In collaboration, someone will always have more expertise than you in one or another aspect of the task you are working on together. If you have a knee-jerk defense or know-it-all reaction, how helpful is that? Somehow, being a smart kid didn't necessarily equip us for learning from our teammates. Unless we focus on it, we may not even recognize we are creating a less than optimal space for learning.

Learning about our behavior and the choices we have moment-to-moment is as present as air and often as invisible.

Being a learner means being willing to be open about the trials and errors along the way. Learning as a communicator means seeking out coaching from peers, a professional coach, or a mentor. We do NOT know the impact of our behavior without feedback from others.

When a leader is willing to learn openly, and can receive feedback authentically and graciously, he or she is demonstrating true leadership. Role modeling is the most powerful form of permission for others to be open about their learning as well.

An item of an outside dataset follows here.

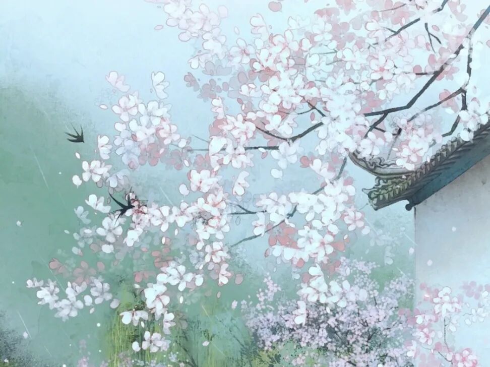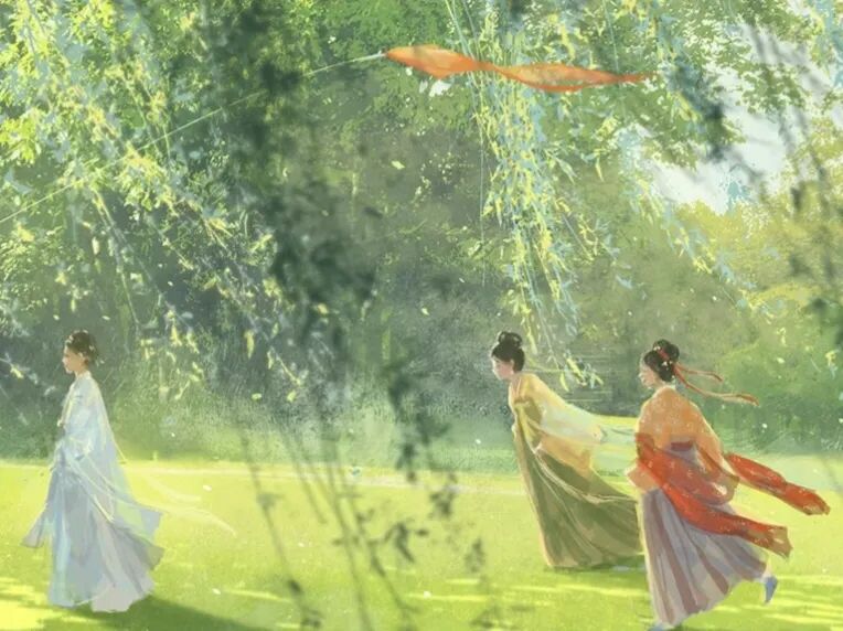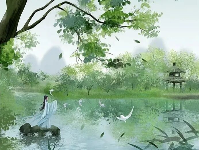 若说韦庄的《思帝乡》在山水如画,人流如织的热闹都市,那么秦观的《好事近》、《行香子》则是在云淡天高,风清柳柔的宁静乡村,让我们体会到春天不同的美。

Changes drive much of our learning. All of us are learning like crazy these days -- the new Facebook and Twitter pages, Go-to-Webinar, your new smartphone--and who knows what other emerging platforms will pull us in next.

Whatever the specific technology, learning to use it so that it enhances mutual understanding is one of the great social learning assignments of our time.

The amazing thing is how much we actually do absorb and utilize from the masses of stimuli out there.

We can expand our ability to learn throughout our lives. They say that people who are too old to learn were probably always too old to learn. Instead, seek out ways to be consciously coachable and lead the way.